Regularization in higher dimensions by YuanbinLiu · Pull Request #354 · autoatml/autoplex

YuanbinLiu · 2025-03-07T17:46:18Z

We have upgraded the functionality to support high-dimensional convex hull calculations with regularization. Previously, it was limited to 3D convex hulls, but we are now able to handle higher-dimensional cases, such as 4D convex hulls for three-element systems.

Test 1: Verify whether the new code can produce the same convex hull results as the old version for the 3D case.
Test 2: Evaluate whether the new code can handle high-dimensional (>3D) convex hulls.

JaGeo · 2025-03-07T18:08:53Z

Thank you @YuanbinLiu ! Some tests are still failing.

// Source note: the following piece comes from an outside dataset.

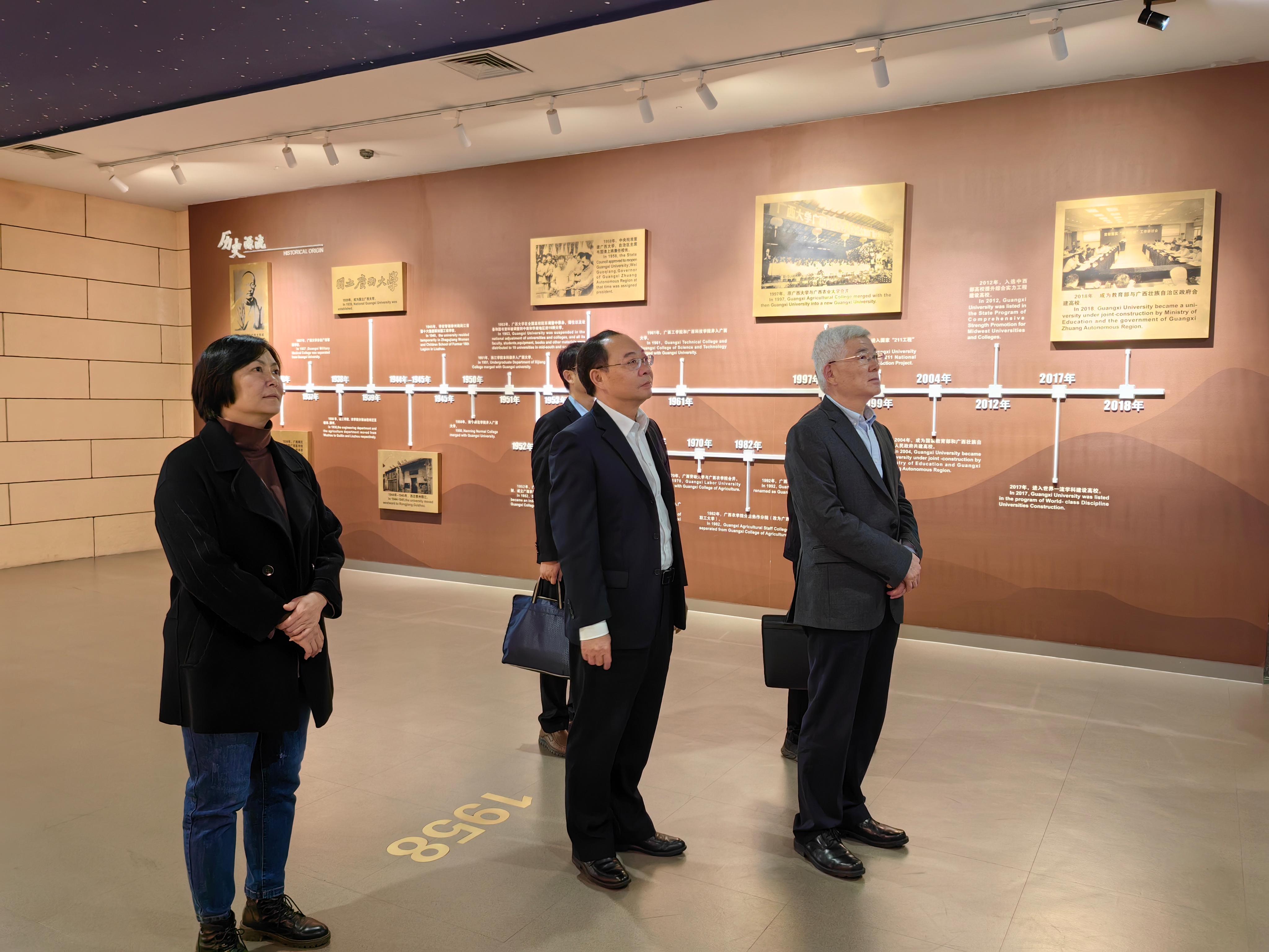 公司党办校办、宣传部相关负责人和教师陪同调研,公司常务副经理蒙艳玫、副经理黄豪中做情况介绍。

Can we handle anything beyond 4D? If not, should we add this limitation to the documentation?

YuanbinLiu · 2025-03-07T18:29:39Z

Thank you @YuanbinLiu ! Some tests are still failing.

Can we handle anything beyond 4D? If not, should we add this limitation to the documentation?

It's not limited to 4D; higher dimensions are also fesible. I'll find time to check for errors, but the tests passed before I pushed the PR.

JaGeo · 2025-03-07T18:34:35Z

@YuanbinLiu Thanks for the explanation!

Test results can be dependent on the operating system

YuanbinLiu · 2025-03-07T19:40:31Z

@YuanbinLiu Thanks for the explanation!

Test results can be dependent on the operating system

I have tried several times, all passed. I didn't found some bugs. Can anyone test it on a different system?

JaGeo · 2025-03-07T19:45:01Z

+            f"Point and points must have the same dimensionality. Got {pn.shape[0]} and {preg.shape[1]}."
+        )
+    hull = ConvexHull(preg)
+    return np.all(np.dot(hull.equations[:, :-1], pn) + hull.equations[:, -1] <= 1e-12)


Is this floating point comparison maybe brittle?

It shouldn't be caused by this. I tested it on different computers with new environments, and it worked fine.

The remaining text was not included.